手術しない変形性股関節症と親の介護ブログ

親の介護体験や 変形性股関節症 保存療法への取り組みに関する記録

小津安二郎の作品から今だからこそ見えてくるものがありました

小津安二郎の作品に触れてみたい気持ちが高まり、「東京物語」「お早う」「秋刀魚の味」を観てみました。

 

東京物語」は1953年(昭和28年) 「お早う」は1959年(昭和34年) の作品。

どちらもまだ私が生まれる前の時代のものです。

 

秋刀魚の味」は1962年(昭和37年)で、ちょうど私が生まれた年の作品でした。

 

小津安二郎の作品は、たしか40代の頃にも2作品ほど見たことがあるような気がしますが、この当時はなんの作品を観たのかよく覚えていません。

 

でも、観た印象としては、「自分が生まれる前の時代だけれど、自分がかなり小さかった頃の雰囲気も感じられて、懐かしいな~」といった程度のものでした。

 

小津作品は、伝統的な日本の家庭生活を描いているので、当時の生活の様子や日用品、日常的な言葉使いとか人々の服装とか、そういったものが見られるのが私にはとても興味深いものでした。

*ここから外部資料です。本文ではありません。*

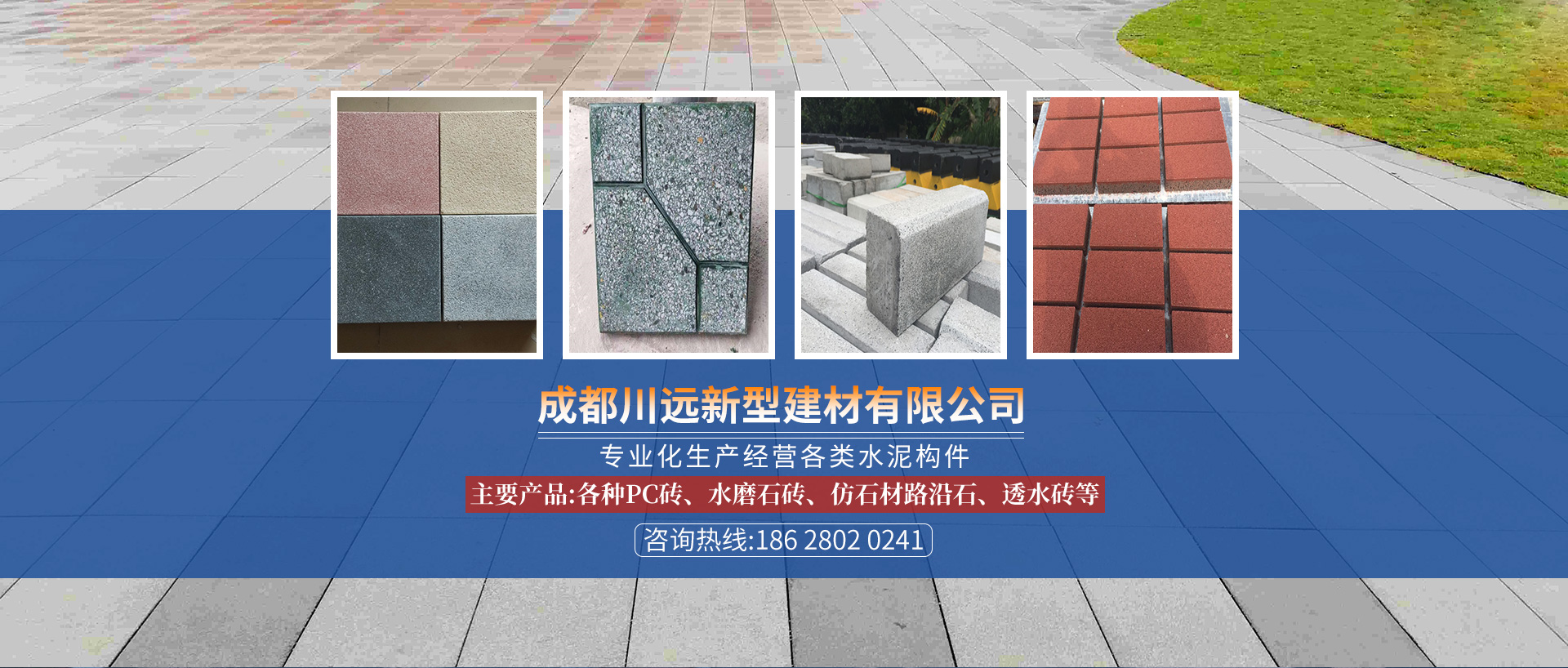 成都川遠(yuǎn)新型建材有限公司是一家專業(yè)化生產(chǎn)經(jīng)營(yíng)透水磚、pc磚定制,仿石材路沿石、水磨石磚的企業(yè)。擁有了面積達(dá)1000多平方的生產(chǎn)基地,多套完整的大、中型生產(chǎn)設(shè)備和眾多專業(yè)生產(chǎn)技術(shù)人員。本廠生產(chǎn)的各種型號(hào)等...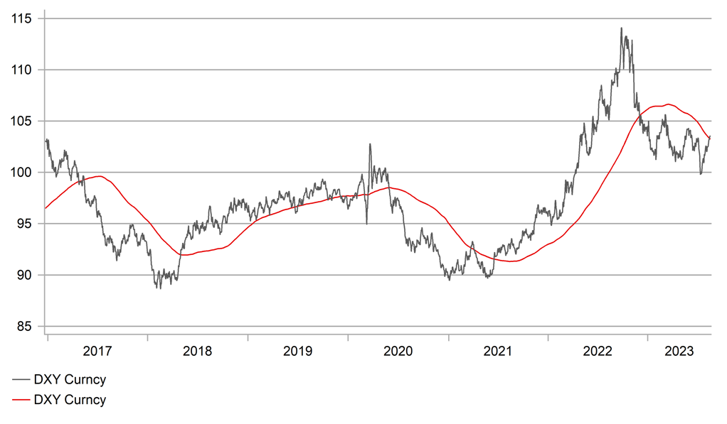 Last week the dollar advanced versus all G10 currencies and this week it has been nearly a repeat of that with only GBP outperforming very modestly. That outperformance reflects the strong wage data in the UK and inflation data that fell less than expected. The 2yr Gilt yield has jumped 19bps this week – the US equivalent is up 2bps. While the Fed and the ECB may be in a position to pause and probably end their tightening cycles the BoE still has some work to do. But notwithstanding the resilience of GBP this week, we still see scope for the dollar to strengthen further. The speed of USD strength has slowed today which is in part due to the evidence of greater opposition in China to USD/CNY gains. The PBoC fixing today was set at the widest divergence from the market estimated level since that estimate started being published by Bloomberg in 2018. Reports of increased USD selling by China’s state banks also helped contain the USD/CNY move higher. But given the heightened uncertainty over China’s property sector problems and the lack of any clear policy strategy, we suspect further increases in USD/CNY is likely. The PBoC cut rates again and the 2yr spread vs the US is approaching 300bps, the widest since July 2007 when USD/CNY was trading at around 8.0000. DXY this week broke above its 200-day moving average and a close above 103.23 today would be the third consecutive close above the key technical level and provides a positive technical backdrop for the dollar as well.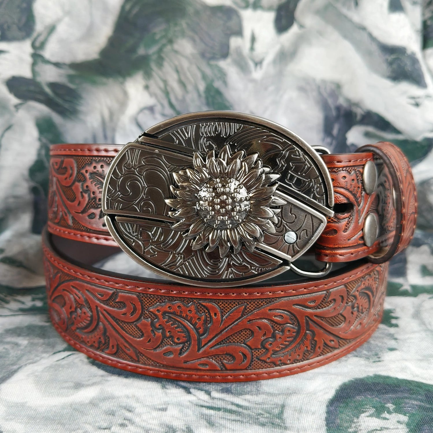 Hidden Utility Belt Buckle - Embossed Leather Western Cowboy Belt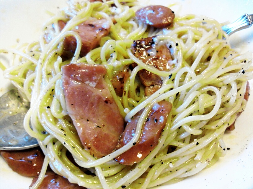 厚切りベーコンとチョリソーを炒め、麺を入れてチューブのにんにく投入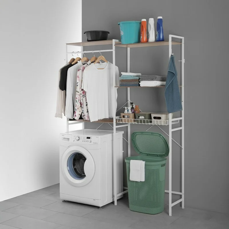 Scaffale per lavatrice con 4 ripiani, cestello scorrevole e barra appendiabiti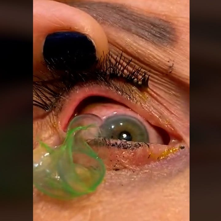 قرر أطباء المريضة إجراء عملية جراحية لإزالتها، وحدث شيء لا يمكن تفسيره في هذه العملية. بعد إزالتها مباشرة، تمزق الكيس وانفتح ليكشف عن عدسة لاصقة هشة للغاية. كانت عدسة لاصقة صلبة، تُعرف أيضًا باسم العدسات اللاصقة الصلبة النفاذة للغاز، لكن المريضة لم تكن ترتدي هذا النوع من العدسات اللاصقة. لم تكن قد استخدمت العدسات اللاصقة الصلبة منذ أن كانت مراهقة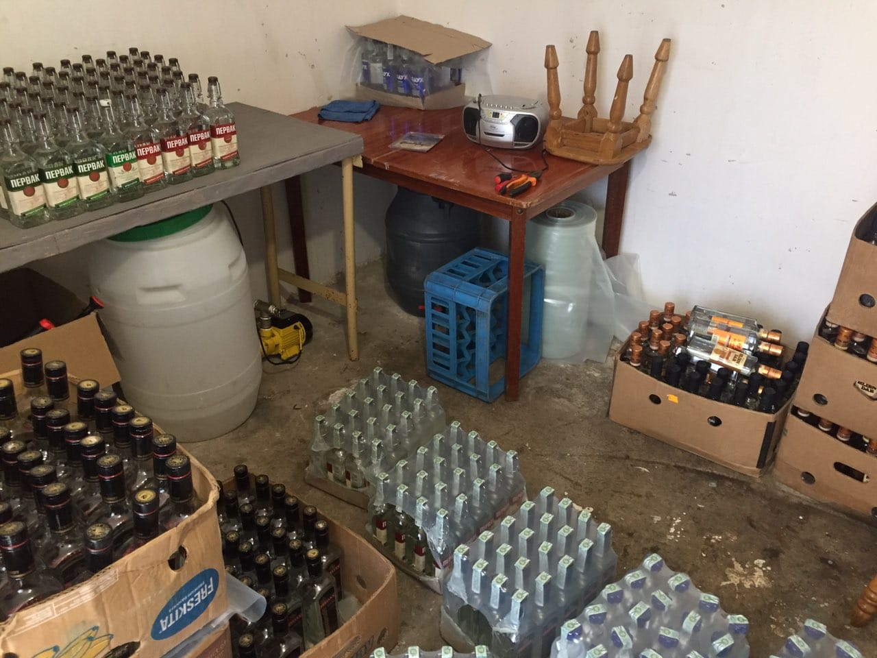 Правоохоронцями під процесуальним керівництвом прокуратури області, в ході проведення санкціонованих обшуків приватного будинку та гаражного приміщення ліквідовано підпільний цех по виготовленню фальсифікованої алкогольної продукції та викрито місце накопичення такого сурогату.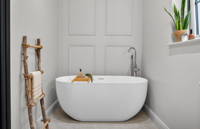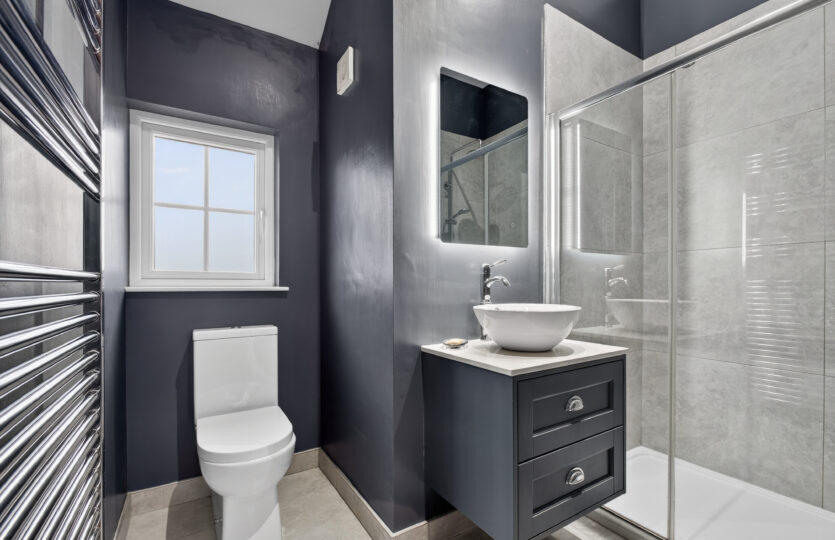 Comprising step in fully tiled shower cubicle with shower unit off mains, drench head and separate hand shower set, vanity unit with quartz work top and inset basin and mixer tap, wall mounted mirror with lighting, back to wall low flush wc, freestanding bath, floored mounted mixer tap and separate hand shower set, feature panelling, vertical slatted radiator, tiled flooring, recessed spotlights

奇想天外なストーリーより、平凡な日常を描いたものが好きな私にとって、小津作品はかなりヒットしたようです。

 

今回観た小津作品を見て強く感じられたことは、亡くなった親達の時代特有のものの考え方とか、人間関係とか、今とは違った不思議な世界観。

 

ストレスを感じながらも ご近所付き合いは濃密にしていかなければならない主婦の生活とか、ある程度の年齢になったら結婚する、子供は親の面倒をみるのが当たり前、とか。

 

個人より家を中心とした価値観の中で、うちの親達も生きていたなということを、改めて思い出されてきました。

 

たしかに、うちの両親はこのような価値観が根強く残っていた時代の人であり、その価値観に外れることなく生きてきた人でしたが、私達子供に対してはそのような価値観を押し付けるようなことは一切しなかった。

 

親達にはたくさんのきょうだいがいて、親戚付き合いもそれなりにきちんと果たしていたけれど、

 

子供には子供の生活や生き方を優先させてくれていたので、私は親戚の集まりといった会合に参加することもなければ、祖父や祖母の葬儀にも出席したこともなかった。

 

いとこという存在は多数いたけれど、会ったこともない人や話をしたことのない人も多い。

 

それでも、親戚のおじさんやおばさんたちはうちにも遊びに来ることはあったし、その中でも特に親しく話せる人もいた。小さい頃には一緒に遊んだいとこもいましたね。

 

小津作品にみられるような昭和時代の光景として、いつまでも独身でいる人に、親戚の人達がとやかく言ってくる、といったものがあるけれど、私はそんなことを人から言われたことは一度もない。

 

今の時代ならともかく、昭和時代に生きていた私のような人間としてはけっこう珍しいことなのかもしれないな、と、小津作品を見ると改めて思う。

 

昭和時代の古い価値観に従っていた両親なのに、子供達には今の時代に通用するような個人の生き方や多様性を認める寛大さを持っていたことに、不思議な驚きと感謝の念が湧いてきます。